### [Material provided]
····················
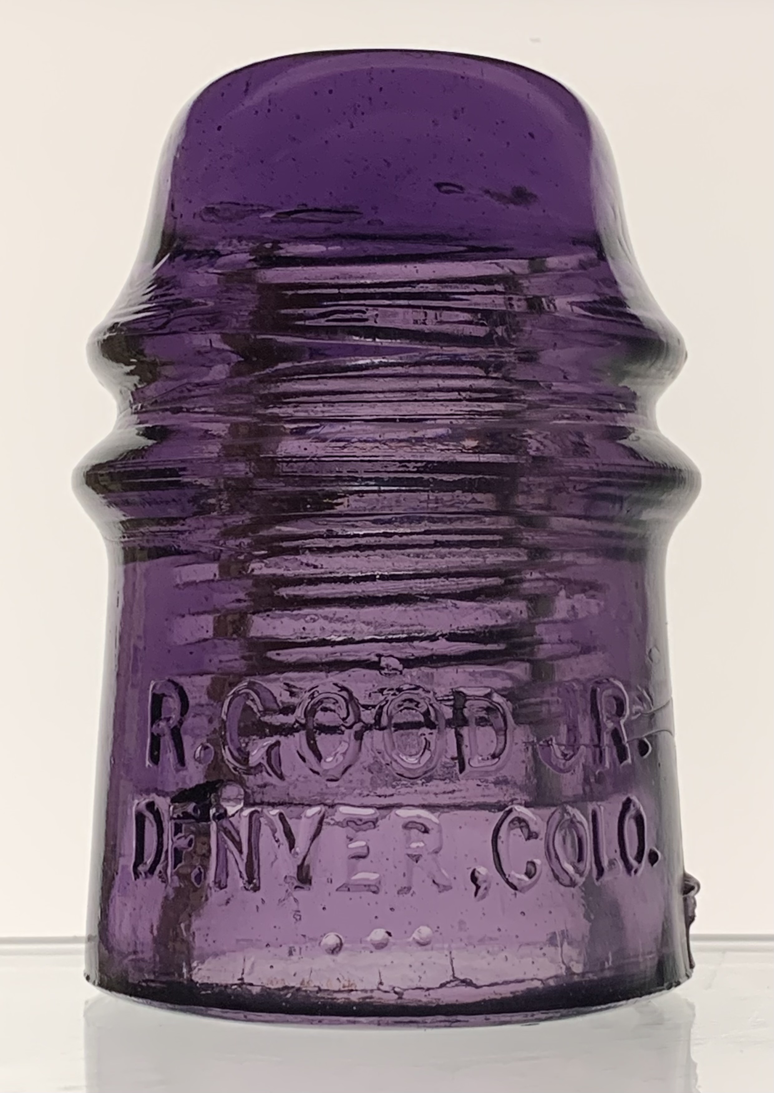 What a nice purple R. Good Jr. toll! The medium purples are actually not that easy to find, and especially in such good condition. I see one one-third of a pinky nail flat base flake and minor roughness along the base mold line, but that's it. Displays perfectly mint. This has none of the frequently found annealing lines, either. It's one that Robert Good, Jr. himself would approve of being shipped from Valverde. If you've been looking for a nice purple GOOD for reasonable price, here's your insulator! I'm asking $300 shipped, PayPal F&F only please! |
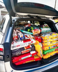 The month-long initiative encouraged donations of pet food, toys, cleaning supplies, and other essentials to support local animals in need. The results were extraordinary: two Subaru Foresters completely filled with donations, and an additional two full pallets—nearly 3,000 pounds—of dog food donated by The Mill. These contributions will help feed and care for shelter animals as well as pets in the community who rely on the Humane Society’s Pet Food Pantry.
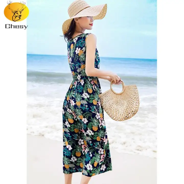 Qingfan Women S Summer Sexy Elegant Bohemia Loose Beach Printed
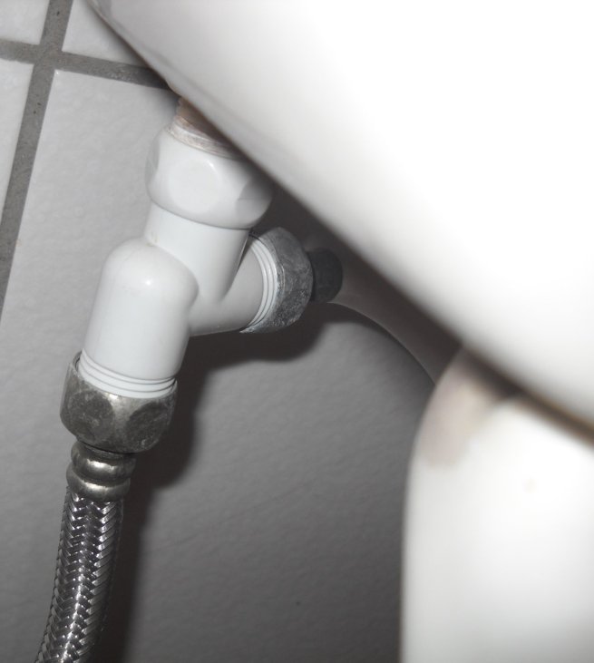 如果不幸買到自己動手族的這一種塑膠T形頭的,也可以考慮裝在馬桶水箱底下。或是把馬桶水龍頭拆下來再裝,工程浩大。
····················
### [Requirement]
Give the data again word for word, without pictures.

### [Task solution]
 What a nice purple R. Good Jr. toll! The medium purples are actually not that easy to find, and especially in such good condition. I see one one-third of a pinky nail flat base flake and minor roughness along the base mold line, but that's it. Displays perfectly mint. This has none of the frequently found annealing lines, either. It's one that Robert Good, Jr. himself would approve of being shipped from Valverde. If you've been looking for a nice purple GOOD for reasonable price, here's your insulator! I'm asking $300 shipped, PayPal F&F only please! |
 The month-long initiative encouraged donations of pet food, toys, cleaning supplies, and other essentials to support local animals in need. The results were extraordinary: two Subaru Foresters completely filled with donations, and an additional two full pallets—nearly 3,000 pounds—of dog food donated by The Mill. These contributions will help feed and care for shelter animals as well as pets in the community who rely on the Humane Society’s Pet Food Pantry.
 Qingfan Women S Summer Sexy Elegant Bohemia Loose Beach Printed
 如果不幸買到自己動手族的這一種塑膠T形頭的,也可以考慮裝在馬桶水箱底下。或是把馬桶水龍頭拆下來再裝,工程浩大。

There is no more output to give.